RESULTS: We measured whole brain levels of common monocyte chemoattractants (eg, RANTES, MCP-1, MIP-1alpha) by ELISA and found Monocyte Chemoattractant Protein (MCP)-1 levels, a potent chemoattractant for monocytes, to be 2-fold higher in BDR (10.6 pg/mg ± 2.0) vs. Sham mice (5.2 pg/mg ± 0.70)(p=0.01). In order to respond to MCP-1, cells must express CCR2, the cognate receptor for MCP-1. Examination of CCR2 expression revealed that a larger proportion of peripheral blood monocytes and monocytes infiltrating the brain in cholestatic mice (#CCR2 positive cells Sham: 2049±218 vs. BDR: 5278±944, p=0.01) were expressing CCR2. Interestingly, there was a 3-fold reduction in the number of microglia (resident brain immune cells) expressing CCR2 in BDR mice (Sham: 49009±13284 vs. BDR: 16196±3278 cells/brain, p<0.05), likely mediated by elevated cerebral MCP-1 levels seen in these mice. Therefore, to further investigate the role of MCP-1/CCR2 in recruiting monocytes into the brain in cholestasis, studies were repeated using MCP-1 KO and CCR2 KO mice. There was a significant reduction in cerebral monocyte recruitment in these mice to levels similar in sham mice (MCP-1KO BDR: 3050±415, WT BDR: 5807±812 cells/brain, p=0.02; CCR2KO BDR: 2322±360, WT BDR: 4934±581 cells/brain, p=0.009). Furthermore, to identify the cellular sources of MCP-1 in brains of BDR mice, MCP-1 production was examined in infiltrating monocytes and microglia and was found to be significantly increased in both of these cell types.

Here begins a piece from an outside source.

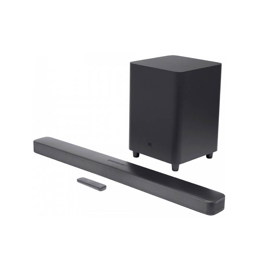 - Loa bộ JBL Bar 5.1 Surround gồm một thanh loa được trang bị 2 củ tweeter 1.25 inch ở hai bên và 5 loa toàn dải với công suất khuếch đại 250W và một Subwoofer kết nối không dây với củ loa trầm có kích thước 10 inch cho mức âm thanh phát ra lên đến 300W, cho tiếng bass thêm mạnh mẽ, sống động đến không ngờ.

CONCLUSIONS: These findings suggest that MCP-1, via its actions upon CCR2, plays a key role in recruiting monocytes into the brain in cholestasis. Recently, we also observed that brain infiltrating monocytes, as well as resident microglia, produce TNFalpha. TNFalpha is known to cause changes in neurotransmission and could potentially contribute to the behavioral alterations seen in cholestasis.